Among many observers of the 9/11 events, we noticed a consistent tendency to draw comparisons between 9/11 and the events surrounding Pearl Harbor in 1941. And although we are in no position to adjudicate between the importance, severity or impact of the two events, we do know that Pearl Harbor had a much more profound impact on consumer behavior precisely because it altered critical features of daily life in a way that 9/11 simply did not.
Because of Pearl Harbor, food eventually became rationed, husbands and wives left jobs (or their caretaker roles) to work in wartime factories and vast numbers of young people entered military service. These were critically important institutional shocks that altered the nature of everyday life for years to come - and, by extension, consumer habits. Those same shocks simply haven't materialized for the American public in the years following the 9/11 tragedy.
We may feel differently. We may think differently.
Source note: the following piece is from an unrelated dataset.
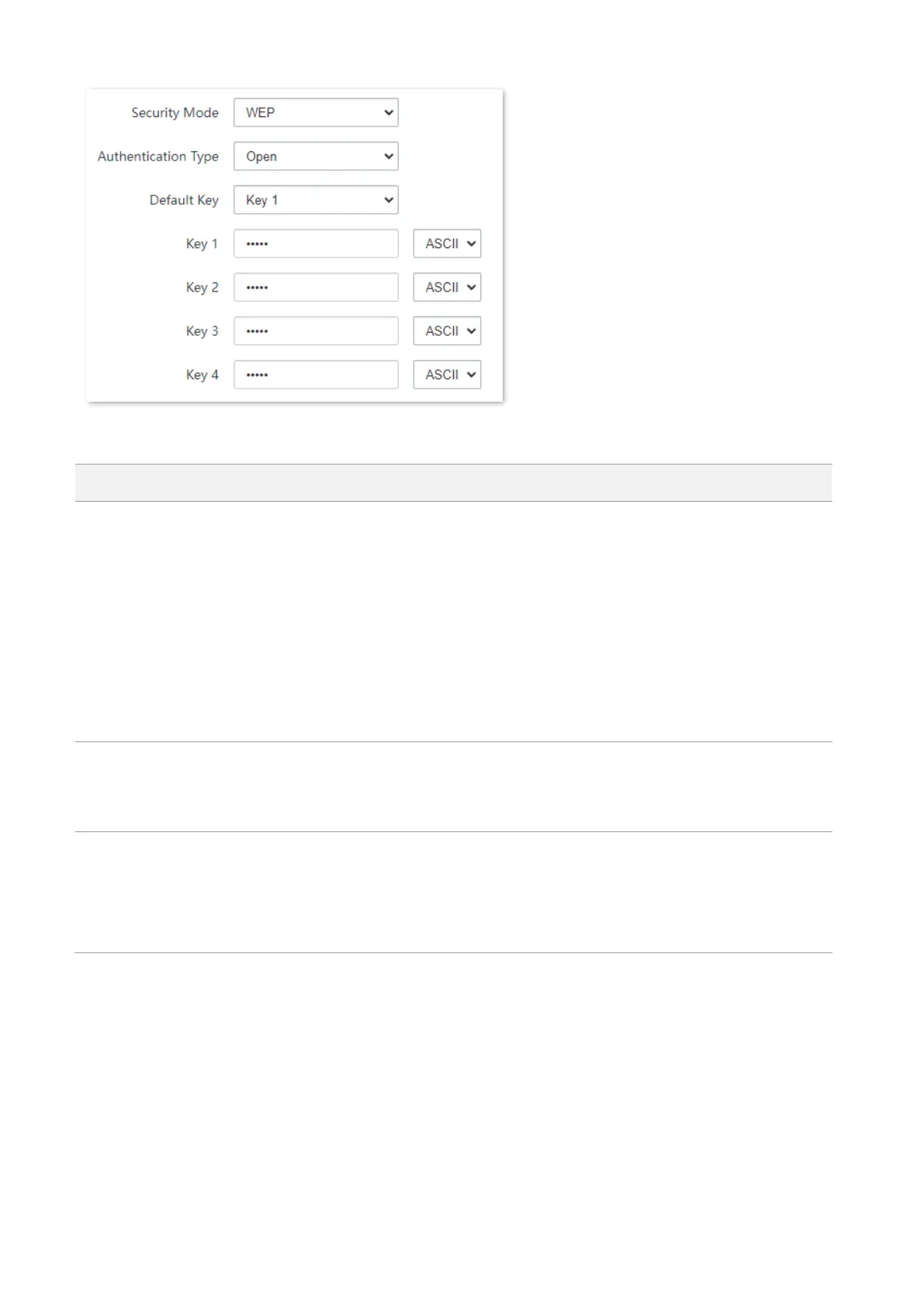 Specifies 4 WEP keys are allowed at the same time, but only the one specified by the

Heck, we may even feel a need to feel like we should behave or act differently. But at the end of the day, life for most consumers continues in remarkably the same manner as it did pre-9/11. Consider the following two answers to the question, "Is your life different today because of September 11?", collected by National Public Radio.
"Yes. No one who saw the images of the destruction of September 11th could remain unchanged from before. But I wish it was possible to choose both "yes" and "no" because in many ways my life is not really any different from before."
We believe these responses most accurately characterize the true state of the post-9/11 world from a consumer behavior perspective. This is why studying culture and immersing ourselves with the consumer is so critically important and provides far more depth of understanding than relying on survey data alone.